Surgery, Amsterdam UMC Location Vrije Universiteit Amsterdam, De Boelelaan 1117, Amsterdam, The Netherlands.
Medical Library, Amsterdam UMC Location Vrije Universiteit Amsterdam, De Boelelaan 1117, Amsterdam, The Netherlands.
Surg Endosc. 2023 Jan;37(1):75-89. doi: 10.1007/s00464-022-09516-z. Epub 2022 Aug 11.
Machine learning (ML) has seen an increase in application, and is an important element of a digital evolution. The role of ML within upper gastrointestinal surgery for malignancies has not been evaluated properly in the literature. Therefore, this systematic review aims to provide a comprehensive overview of ML applications within upper gastrointestinal surgery for malignancies.
A systematic search was performed in PubMed, EMBASE, Cochrane, and Web of Science. Studies were only included when they described machine learning in upper gastrointestinal surgery for malignancies. The Cochrane risk-of-bias tool was used to determine the methodological quality of studies. The accuracy and area under the curve were evaluated, representing the predictive performances of ML models.

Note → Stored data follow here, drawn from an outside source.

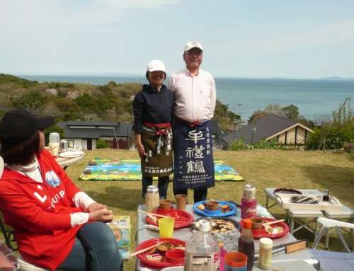 リゾートに縁あって集い、人生の黃昏時をともに楽しむ仲間に恵まれ、 そのようなチャンスをもたらせてくれたダイワハウスのタッフに感謝。 そして退職後もこのように訪ねてくれて、ともに、元気に遊ぶイリコに 感謝の目的で、『お花見會』を開いてくださったとのこと。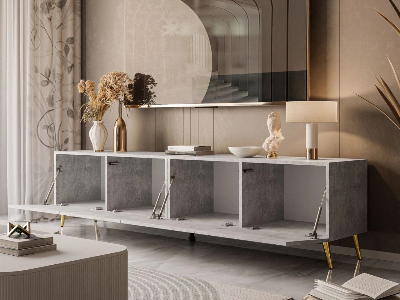 Du ziehst an: TV-Lowboard mit Türen auf Goldenen Metallbeinen 200 cm Nodoo Beton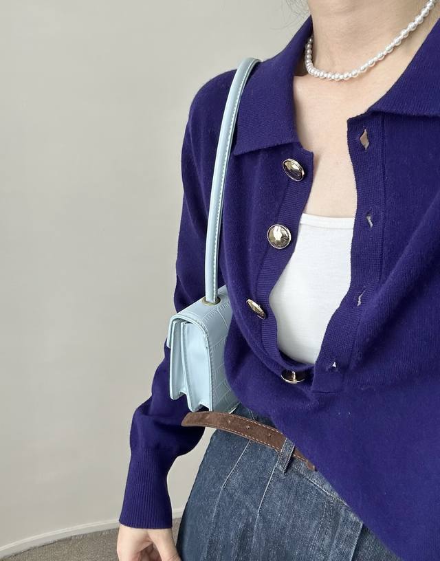 High-end temperament commuting polo collar retro gold button wool sweater autum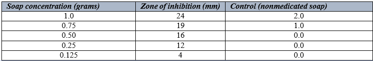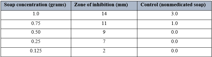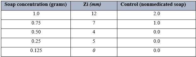 The antimicrobial activity was evaluated using the agar well diffusion method. Prior to use, of the test organisms were sub- cultured on nutrient broth and incubated at 37 degrees Centigrade for 24 hours. The concentration of the 24 hours culture was adjusted to 0.5 McFarland Standard. 0.1 ml volume of the standard suspension of each test bacterial strain was spread evenly on Muller Hinton agar plates using sterile L-shaped glass rod and the plates were allowed to dry at room temperature. Subsequently, 6 mm-diameter wells were bored on the agar and100 μl of each reconstituted soap solution was dispensed into triplicate wells. The plates were allowed to stand on flat surface at room temperature for 1 hour to allow proper diffusion of soap solution into the agar, the inoculated plates were then incubated at 37 o C for 24 h and the inhibition zone diameter (IZD) were measured in millimeters (mm). Antimicrobial activities were expressed as the IZD (mm) produced by the medicated soaps.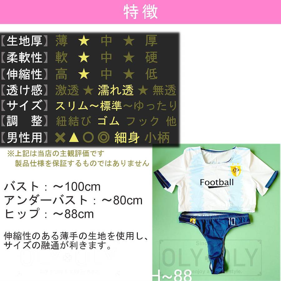フィットタイプ ストレッチ【商品内容】サッカー ユニフォーム風 スポーツビキニ 上下セット+ニーハイソックス+ストッキング+穴あきTバックショーツ=計4点セット【サイズ】女性用フリーサイズ(S~L相当)バスト:~100cm(アンダーバスト:~80cm)、ヒップ:~88cm【カラー】ブルー×ホワイト、ソックスは白地に青ライン(ストッキングとショーツのカラー・デザインはおまかせになります)【特徴】伸縮性のある薄手の生地を使用し、サイズの融通が利きます。(#lf)(#lf)(#lf)商品購入前に、ストア紹介ページをご確認ください。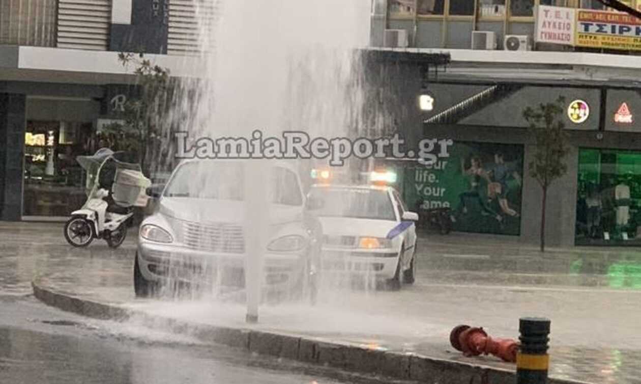 Λαμία: Αυτοκίνητο έπεσε σε κρουνό – Πίδακας νερού στην πλατεία Πάρκου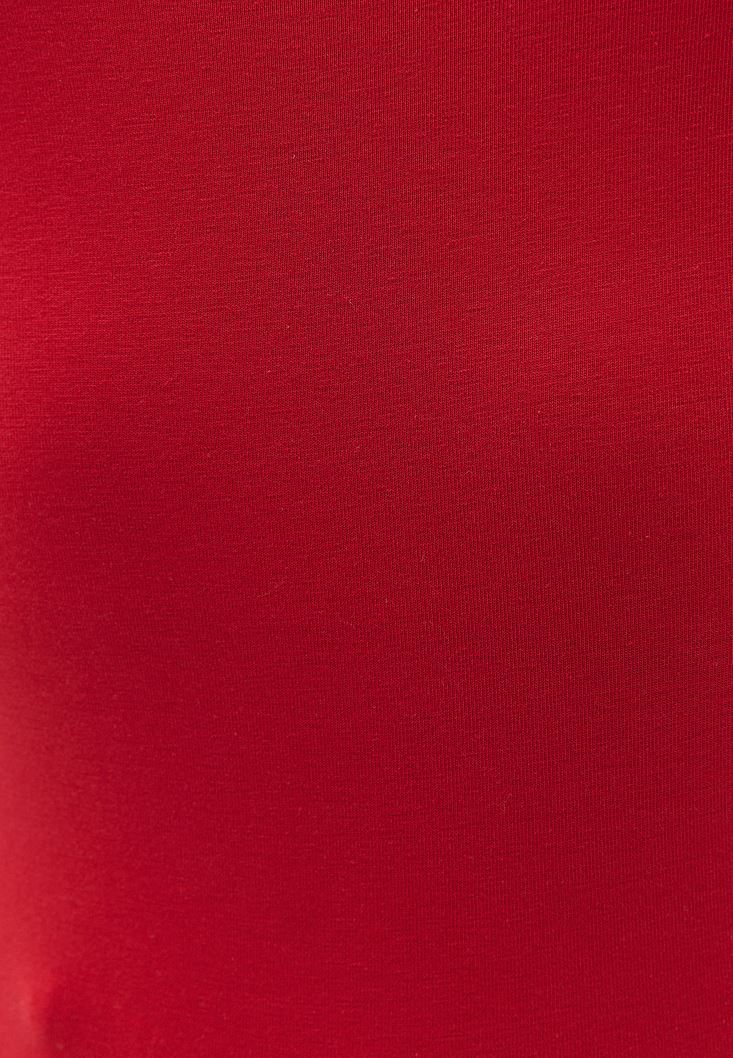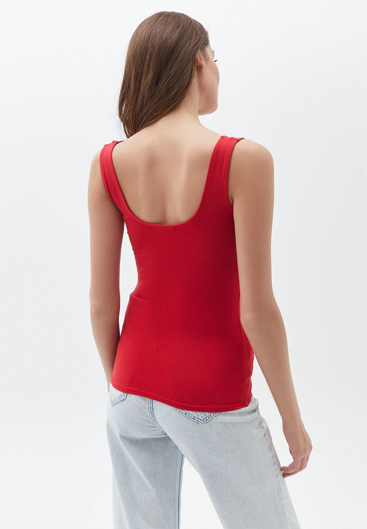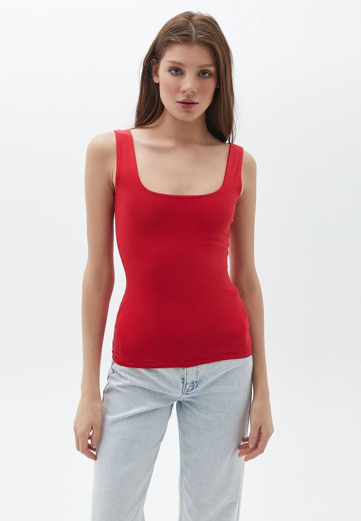 Kırmızı Esnek Dokulu Kare Yaka Atlet

From a total of 1821 articles, 27 studies met the inclusion criteria. Most studies received a moderate risk-of-bias score. The majority of these studies focused on neural networks (n = 9), multiple machine learning (n = 8), and random forests (n = 3). Remaining studies involved radiomics (n = 3), support vector machines (n = 3), and decision trees (n = 1). Purposes of ML included predominantly prediction of metastasis, detection of risk factors, prediction of survival, and prediction of postoperative complications. Other purposes were predictions of TNM staging, chemotherapy response, tumor resectability, and optimal therapy.
Machine Learning algorithms seem to contribute to the prediction of postoperative complications and the course of disease after upper gastrointestinal surgery for malignancies. However, due to the retrospective character of ML studies, these results require trials or prospective studies to validate this application of ML.
机器学习(ML)的应用日益增多,是数字化发展的重要组成部分。然而,ML 在恶性上消化道手术中的作用尚未在文献中得到适当评估。因此,本系统综述旨在全面概述 ML 在恶性上消化道手术中的应用。
在 PubMed、EMBASE、Cochrane 和 Web of Science 中进行了系统搜索。只有当研究描述了恶性上消化道手术中的机器学习时,才将其纳入。使用 Cochrane 偏倚风险工具来确定研究的方法学质量。评估了准确性和曲线下面积,代表了 ML 模型的预测性能。
从总共 1821 篇文章中,有 27 篇研究符合纳入标准。大多数研究的偏倚风险评分中等。这些研究主要集中在神经网络(n=9)、多机器学习(n=8)和随机森林(n=3)上。其余研究涉及放射组学(n=3)、支持向量机(n=3)和决策树(n=1)。ML 的目的主要包括预测转移、检测危险因素、预测生存和预测术后并发症。其他目的包括预测 TNM 分期、化疗反应、肿瘤可切除性和最佳治疗。
机器学习算法似乎有助于预测恶性上消化道手术后的并发症和疾病进程。然而,由于 ML 研究的回顾性特征,这些结果需要试验或前瞻性研究来验证 ML 的这种应用。